O ozônio é uma molécula gasosa inorgânica, tem atividade
DESINFECÇÃO antimicrobiana, anti hipóxica, analgésica e imunoestimulatória.

É usada para desinfecção de águas, cavidade oral e dentaduras.

A água ozonizada pode ser usada também para a desinfecção de moldes.

Estudos mostram bons resultados de desinfecção usando água ionizada
produzida por uma máquina especifica em moldes contaminados com P. Aeruginosa, S. aureus e C. albicans.

Os autores consideram ainda que a água ionizada é mais biocompatível do que o hipoclorito de sódio, clorexidine ou água oxigenada e pode ser usada com imersões por mais tempo para conseguir desinfecções mais efetivas.

Ácido Peracético

Tem vantagens bioquímicas que permitem a sua utilização de alto
nível na área médica.

Características do ácido peracético assim como pH favorável, boa capacidade antimicrobiana e baixa toxicidade, sugerem propriedades para a desinfecção de moldes na rotina odontológica.

É utilizado na proporção de 1% para desinfecção de moldes, sua capacidade anti microbiológica foi comprovada em estudo microbiológico, porém estudos de estabilidade dimensional não foram encontrados.

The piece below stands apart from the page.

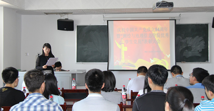会上,首先奏响《中华人民共和国国歌》,在歌声中寄托了全院师生对中国共产党成立94周年的美好祝福。接着,学工办主任李艳梅老师宣读了《测绘与地理信息学院党总支关于表彰优秀学生共产党员的决定》,并希望获奖的优秀学生共产党员,能够切实发挥“传帮带”作用,带领全院学生共同进步。学院领导为优秀学生共产党员颁发了荣誉证书和纪念品。随后,优秀学生共产党员代表发言,表示会珍惜荣誉,再接再厉,不负厚望,继续发挥战斗堡垒作用和先锋模范作用。
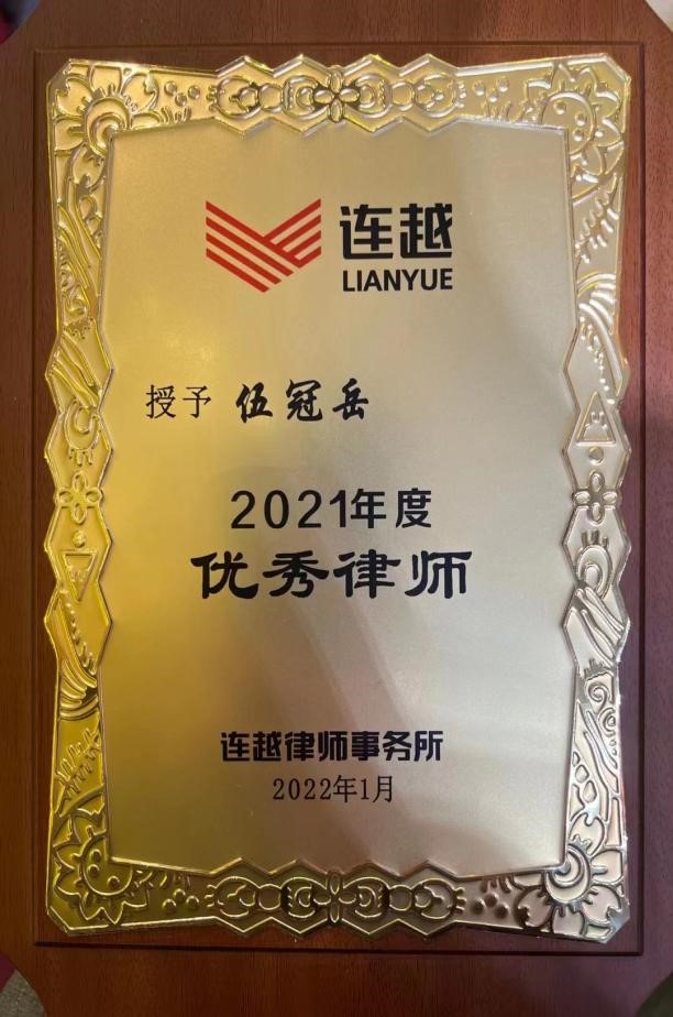 伍冠岳获得荣誉情况(截至2023年7月):获广州市律师协会颁发年度业务成果奖、入选广州市律师协会青年律师领军人才60人名单、多次获律师事务所颁发年度优秀律师、年度优秀案例等奖项。

Considera-se também a esterilização de moldes, ou dos modelos de gesso utilizando irradiação por micro-ondas.

Mas essas causam alterações na integridade da membrana celular e do metabolismo celular que leva a morte microbiana.

É considerado um método simples, de baixo custo e efetivo de desinfecção.

Da mesma forma é indicado para desinfecção de próteses totais e também de moldes.

Por isso, alguns estudos mostram a efetividade desse método quando associado ao peróxido de hidrogênio, sem causar alterações nos materiais.

Assim como o uso da radiação ultra-violeta também é descrito e defendido por estudo de Nimonkar e colaboradores que comparou esse método com a desinfecção química utilizando hipoclorito de sódio a 1% e Glutaraldeido a 2% em relação à estabilidade do polivinilsiloxane.